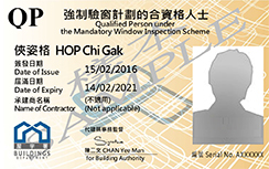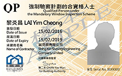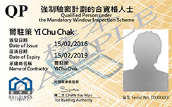 驗窗卡載有合資格人士的姓名及近照、簽發日期、屆滿日期及承建商名稱(認可人士/註冊結構工程師/註冊檢驗人員除外)。
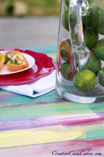 I gathered all the paint samples I had on hand and painted the table with a water color effect.
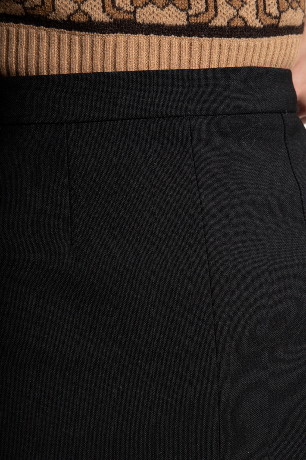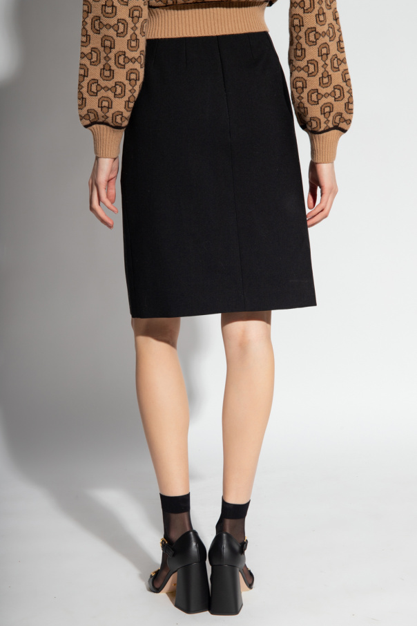 Black pencil skirt from Gucci. Made of wool, this style features a hidden back zipper with a hook & eye closure.

**Problem to work on**
Reproduce the data above word for word and omit the images.

**Task answer**
 驗窗卡載有合資格人士的姓名及近照、簽發日期、屆滿日期及承建商名稱(認可人士/註冊結構工程師/註冊檢驗人員除外)。
 I gathered all the paint samples I had on hand and painted the table with a water color effect.
 Black pencil skirt from Gucci. Made of wool, this style features a hidden back zipper with a hook & eye closure.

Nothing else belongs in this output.